| TASK REQUIREMENTS |
In the data below, set down exactly the lines from the one containing "토레 신발 두꺼운 단독" up to and including the one containing "La collana di". Leave the pictures out.

| GIVEN RECORDS |

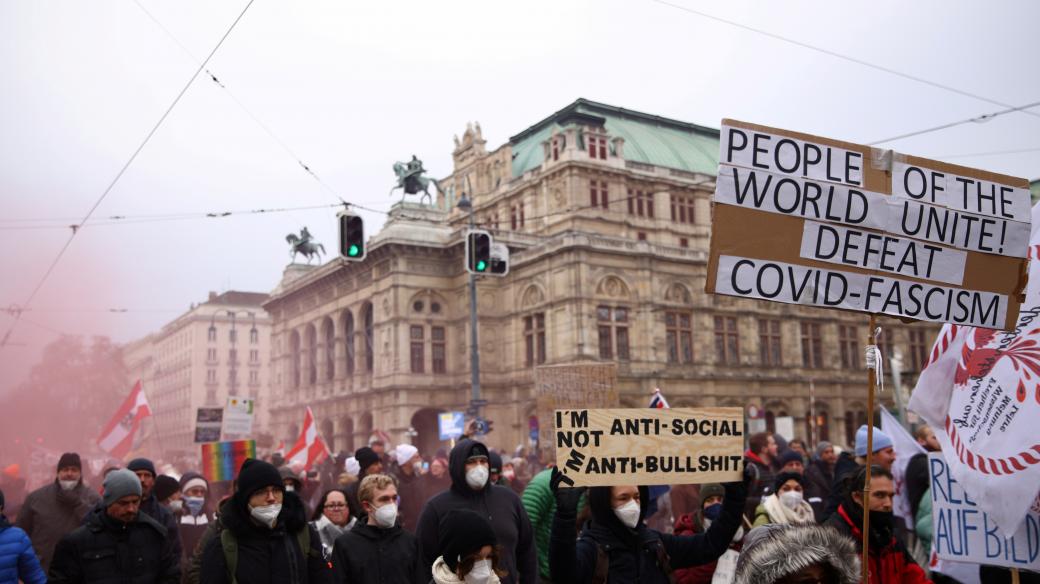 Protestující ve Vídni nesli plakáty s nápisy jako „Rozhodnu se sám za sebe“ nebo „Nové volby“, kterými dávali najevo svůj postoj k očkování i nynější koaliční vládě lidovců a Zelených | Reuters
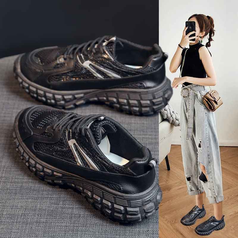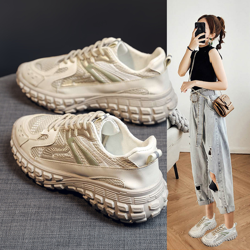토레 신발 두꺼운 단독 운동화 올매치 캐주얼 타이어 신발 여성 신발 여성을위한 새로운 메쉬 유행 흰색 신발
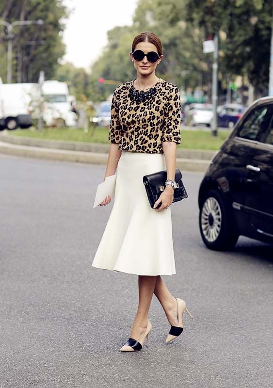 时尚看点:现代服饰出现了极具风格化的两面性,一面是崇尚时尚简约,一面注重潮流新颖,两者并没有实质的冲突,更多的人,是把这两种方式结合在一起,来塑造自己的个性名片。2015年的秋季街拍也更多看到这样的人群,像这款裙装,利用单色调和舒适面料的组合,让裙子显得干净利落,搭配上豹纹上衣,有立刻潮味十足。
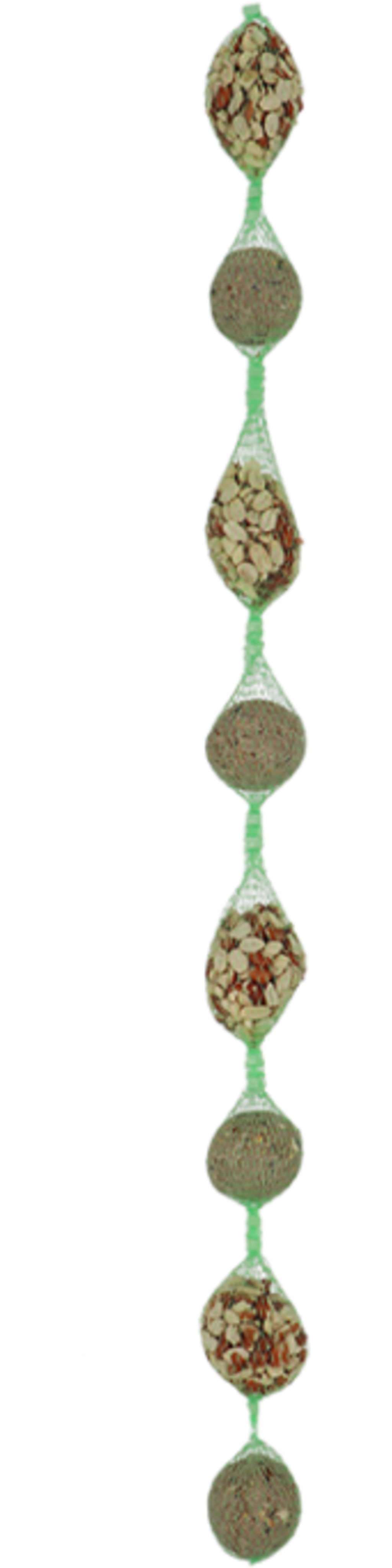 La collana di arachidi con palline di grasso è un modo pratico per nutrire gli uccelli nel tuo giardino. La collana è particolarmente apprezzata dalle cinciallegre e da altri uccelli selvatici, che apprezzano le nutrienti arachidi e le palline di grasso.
==
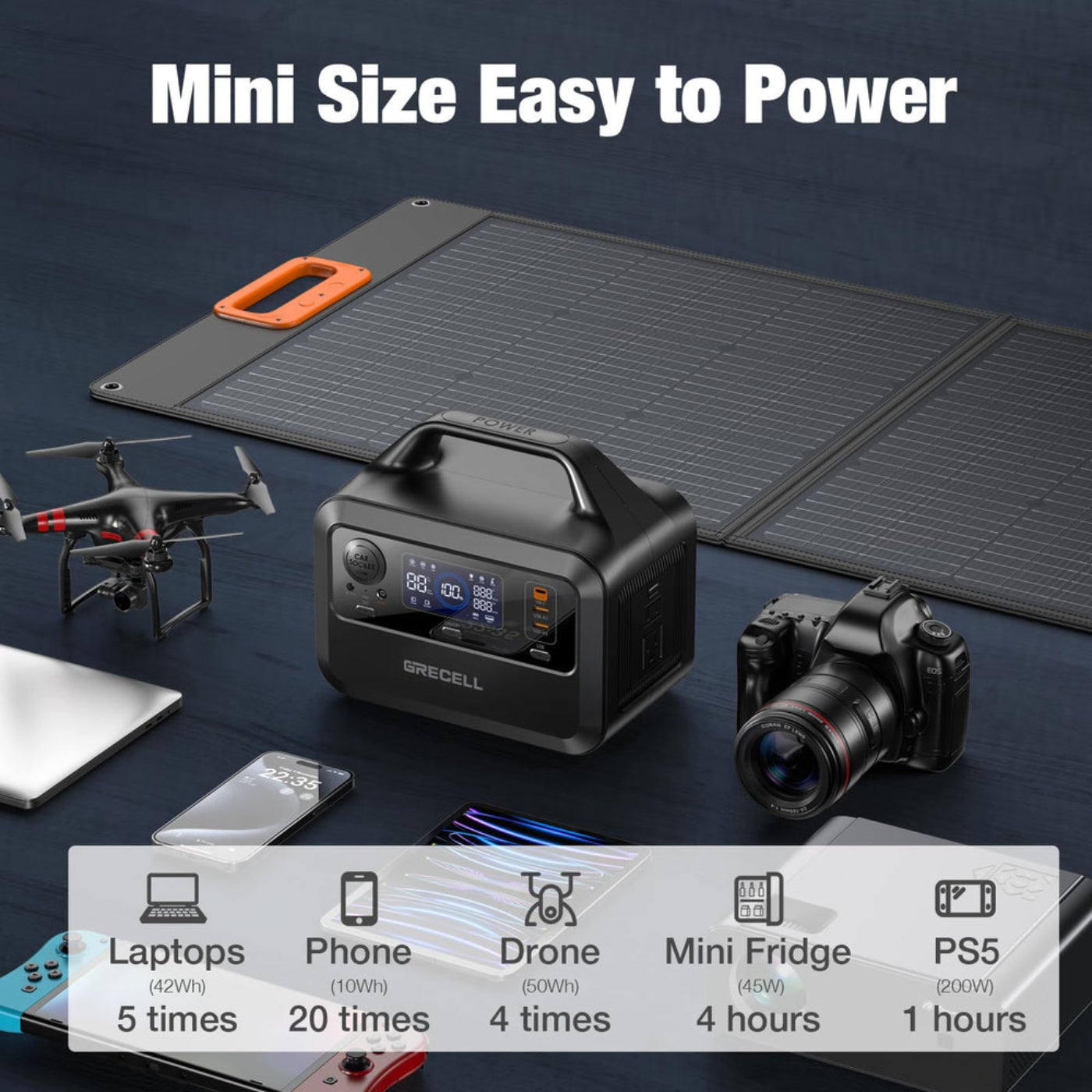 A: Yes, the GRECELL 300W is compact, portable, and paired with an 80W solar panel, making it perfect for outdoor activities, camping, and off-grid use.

| TASK RESULT |
토레 신발 두꺼운 단독 운동화 올매치 캐주얼 타이어 신발 여성 신발 여성을위한 새로운 메쉬 유행 흰색 신발
 时尚看点:现代服饰出现了极具风格化的两面性,一面是崇尚时尚简约,一面注重潮流新颖,两者并没有实质的冲突,更多的人,是把这两种方式结合在一起,来塑造自己的个性名片。2015年的秋季街拍也更多看到这样的人群,像这款裙装,利用单色调和舒适面料的组合,让裙子显得干净利落,搭配上豹纹上衣,有立刻潮味十足。
 La collana di arachidi con palline di grasso è un modo pratico per nutrire gli uccelli nel tuo giardino. La collana è particolarmente apprezzata dalle cinciallegre e da altri uccelli selvatici, che apprezzano le nutrienti arachidi e le palline di grasso.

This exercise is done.